Data records:

_____

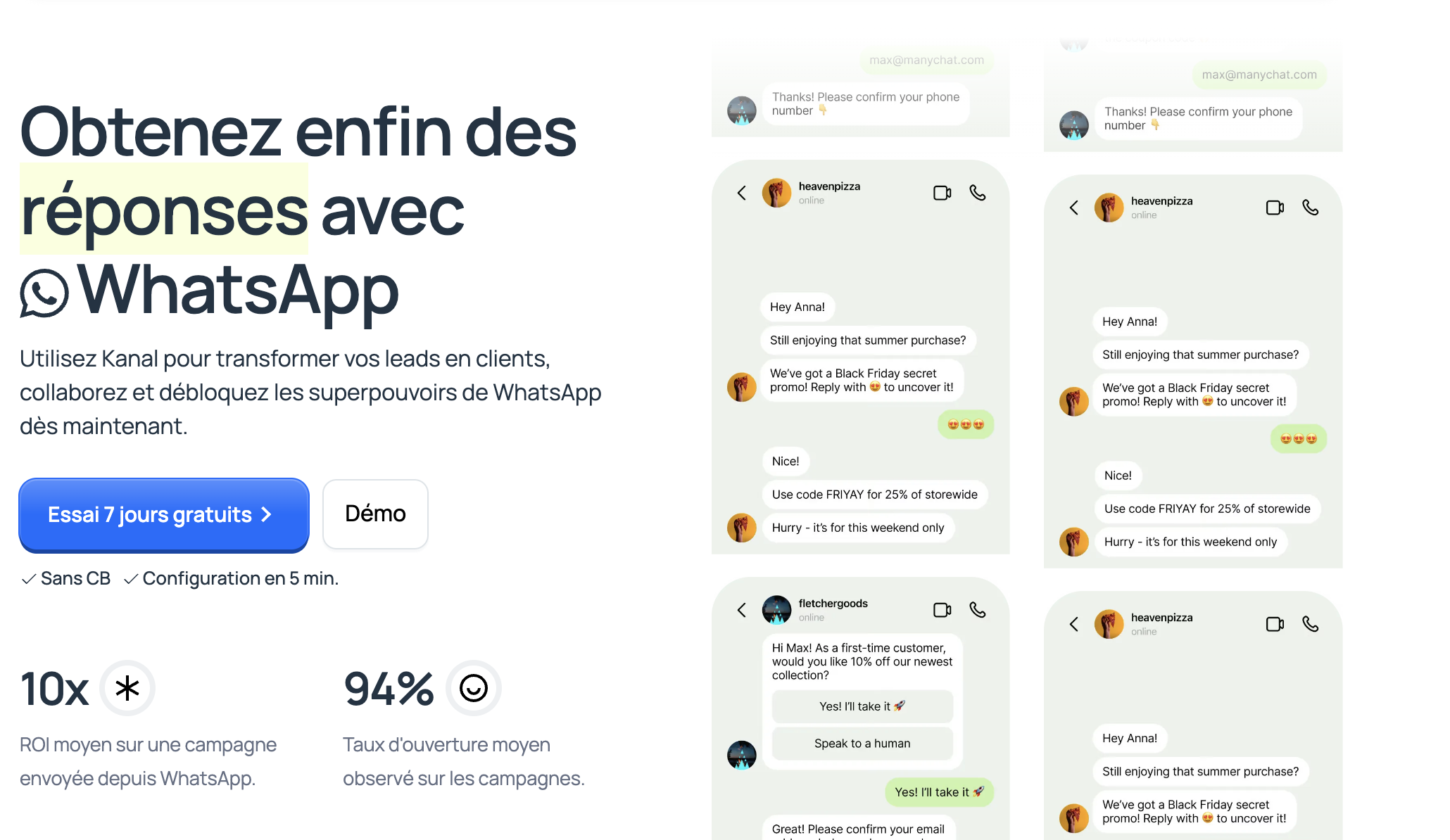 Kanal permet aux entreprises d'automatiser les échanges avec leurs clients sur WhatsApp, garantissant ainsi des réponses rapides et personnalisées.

_____

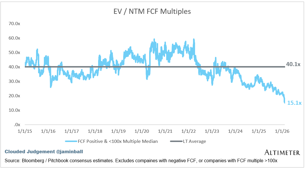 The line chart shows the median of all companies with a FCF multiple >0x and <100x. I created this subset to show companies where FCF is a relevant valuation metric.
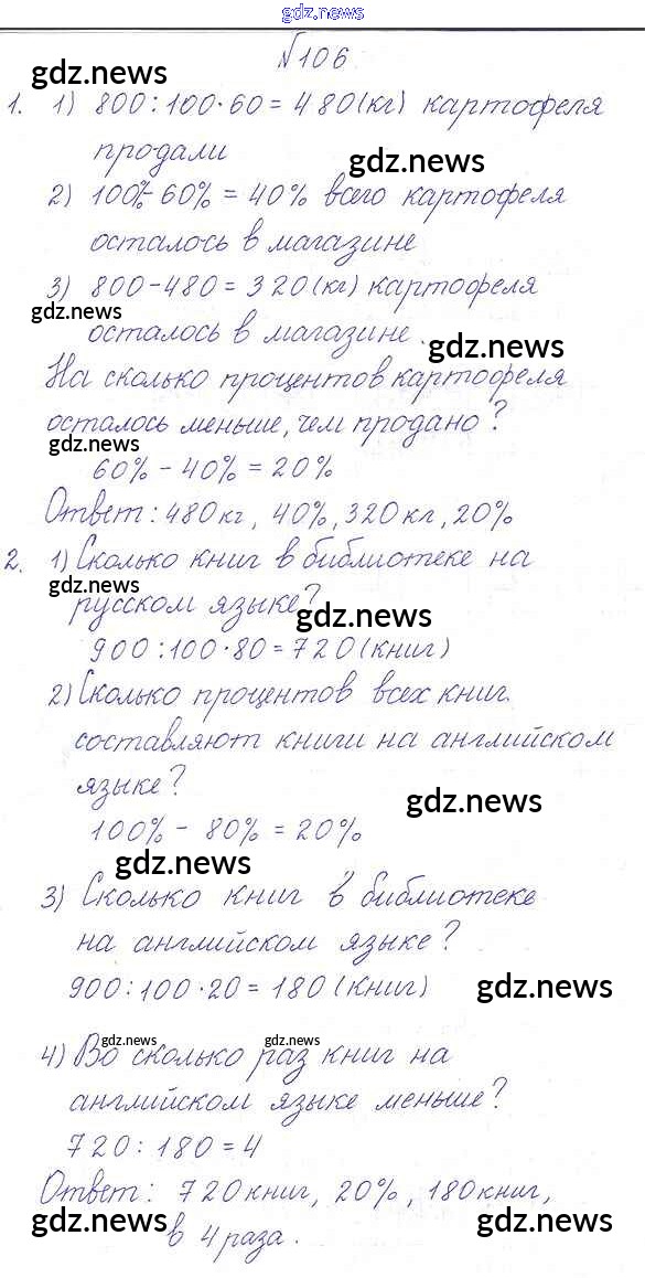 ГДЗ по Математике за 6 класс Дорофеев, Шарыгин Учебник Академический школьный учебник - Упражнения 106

_____

Work item:
Beginning at the line above that contains "The line chart", repeat each line exactly through the one that contains "ГДЗ по Математике", and leave out the pictures.

Task answer:
 The line chart shows the median of all companies with a FCF multiple >0x and <100x. I created this subset to show companies where FCF is a relevant valuation metric.
 ГДЗ по Математике за 6 класс Дорофеев, Шарыгин Учебник Академический школьный учебник - Упражнения 106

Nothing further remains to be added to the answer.